In [1]:
import pandas as pd
import numpy as np
from sklearn.model_selection import train_test_split
from sklearn.metrics import confusion_matrix, accuracy_score

df = pd.read_csv("Adult_clean.csv")

# Make sure all features are strings (categorical)
for col in df.columns:
    df[col] = df[col].astype(str)

train_df, test_df = train_test_split(df, test_size=0.2, random_state=42)


parents = {
    'age_bin': [],
    'education': ['age_bin'],
    'workclass': ['education'],
    'occupation': ['education'],
    'hours_bin': ['occupation', 'workclass'],
    'income': ['education', 'occupation', 'hours_bin']
}

nodes = list(parents.keys())


CPT = {}

def get_counts(subset, col):
    """Return a normalized probability table for a single variable."""
    counts = subset[col].value_counts()
    total = counts.sum()
    return {v: counts.get(v, 0) / total for v in subset[col].unique()}

for node in nodes:
    node_parents = parents[node]
    CPT[node] = {}

    if len(node_parents) == 0:
        # No parents → unconditional distribution
        CPT[node][None] = train_df[node].value_counts(normalize=True).to_dict()
    else:
        # With parents → need conditional distribution
        parent_vals = train_df[node_parents].drop_duplicates()

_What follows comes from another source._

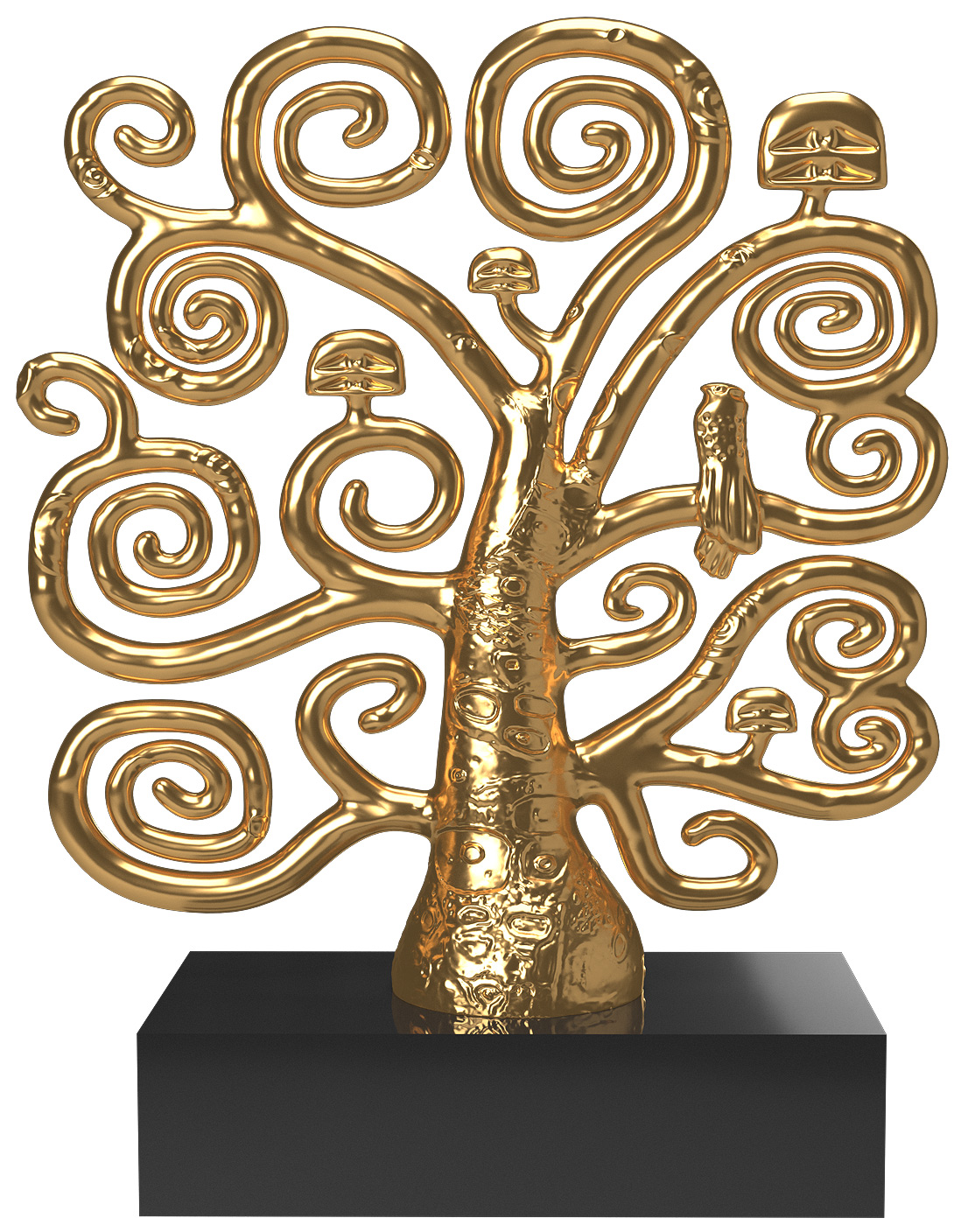 The spiral branches of the tree of life are the central motif in the famous wall frieze in the Palais Stoclet in Brussels. Gustav Klimt designed the Art Nouveau ensemble from 1905-1911. Sculptor's model based on the Stoclet frieze. Cast metal, decorated in gold colour with shading in the patina, on a stone base. Limited edition of 499 pieces. Size incl. plinth 20 x 16 x 6 cm (h/w/d). Weight approx. 1.5 kg.

        for _, parent_row in parent_vals.iterrows():
            key = tuple(parent_row[p] for p in node_parents)
            subset = train_df
            for p in node_parents:
                subset = subset[subset[p] == parent_row[p]]

            if len(subset) == 0:
                continue

            dist = subset[node].value_counts(normalize=True).to_dict()
            CPT[node][key] = dist


def predict_row(row):
    """Compute P(income | evidence) via BN factorization."""

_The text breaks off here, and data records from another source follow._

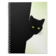 Sly black cat with emerald green eyes looks out from behind black wall into a green room.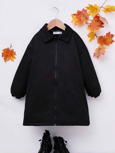 Girls Letter Floral Graphic Zip Up Slant Pocket Drop Shoulder Coat-60%
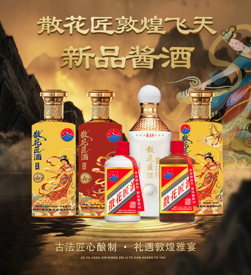 2025 年11月,备受瞩目的散花匠酒业发布了“散花匠敦煌飞天系列新品酱酒”,以敦煌飞天 “送福” 文化为核心,融合百年酱香工艺,不仅是散花匠酒业在产品研发与文化传承上的又一突破,更为高端酱香白酒市场注入了全新活力。

    # Test both income states
    income_states = list(CPT['income'][list(CPT['income'].keys())[0]].keys())
    scores = {}

    for income_state in income_states:
        prob = 1.0

        # Evaluate BN probability product
        for node in nodes:
            node_parents = parents[node]

            # income gets manually set to the tested state
            if node == 'income':
                node_value = income_state
            else:
                node_value = row[node]

            # Parent key
            if len(node_parents) == 0:
                key = None
            else:
                key = tuple(income_state if p=='income' else row[p] for p in node_parents)
            if key not in CPT[node] or node_value not in CPT[node][key]:
                prob *= 1e-9  # smoothing for missing combinations
            else:
                prob *= CPT[node][key][node_value]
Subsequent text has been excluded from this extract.